Kittiwake (oz11861)


Kittiwake (oz11861) by Scott Christensen, Ken Willard from Top Flite 1987 - plan thumbnail

About this Plan

Kittiwake. Radio control sport floatplane. Wingspan 47-3/8 in, wing area 334 sq in, for .19 to .28 engines and 4 channels.

Discontinued kit from Top Flite.

Note this here is the Kittiwake as it appeared when kitted by Top Flite. The design was first published in Nov 1986 RCM, see Kittiwake (oz11860) for an alternative plan, which might help resolve problems with missing parts / information.

Direct submission to Outerzone.

Note the kit manual is available as a free download from

Quote: "INTRODUCTION The KittiWake, proof-positive that there can be more to R/C seaplane flying than just take-offs and landings!
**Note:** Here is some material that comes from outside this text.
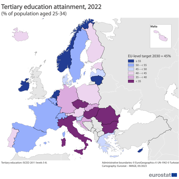 Non sorprende, visto i ritardi sopra citati, che in Italia il tasso di giovani (fra i 25 e 34 anni) che abbiano conseguito la laurea sia fra i più bassi (vedi Fig.1) in Europa. Abbiamo effettuato un miglioramento, la percentuale di laureati sul totale dei giovani, è passata dal 21,1% nel 2011 al 29,2% nel 2022; ma restiamo ancora lontani dalla media EU-27 che nel ’22 era pari al 42,2% e certo non saremo in grado di centrare l’obiettivo per UE 2030 di avere almeno 45 laureati su 100 cittadini.
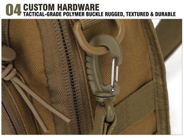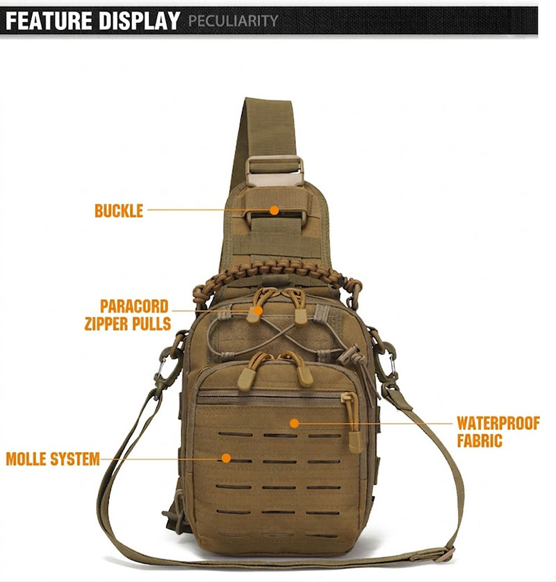 I like the tactical look and the front panel detail. The zipper pulls and hardware make it feel more premium than a basic casual sling bag.

Top Flite Models is sure that your KittiWake will provide you with hours of flying fun and performance.

Realistic, finished flying weights of 3 to 3-1/2 pounds can be expected when the model is built to the following instructions. Our prototypes were all covered and flown with Monokote® coverings. The covering instructions will give you the details of how we accomplished the few extra precautions that should be exercised when covering a seaplane.
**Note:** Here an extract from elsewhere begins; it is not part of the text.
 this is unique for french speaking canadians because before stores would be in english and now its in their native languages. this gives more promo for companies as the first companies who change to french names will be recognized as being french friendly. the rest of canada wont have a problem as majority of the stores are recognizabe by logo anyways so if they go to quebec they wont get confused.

Engine selection for your KittiWake is important. Our prototypes have been powered with a variety of engines, ranging from .19's through .28's. The KittiWake that is shown in the ads and on the label of your kit has a OS .25 FSR installed with a Mac's muffler. This has been an excellent combination, providing lots of power at the top end while offering an excellent and reliable idle. A reliable idle is an absolute must! Face it, your KittiWake will have to spend a portion of each flight taxiing on the water and without a reliable idling engine, you better have access to a boat to go out and get it when the engine flames out. Take extra time to work on the idle of the engine you choose - it will pay off later.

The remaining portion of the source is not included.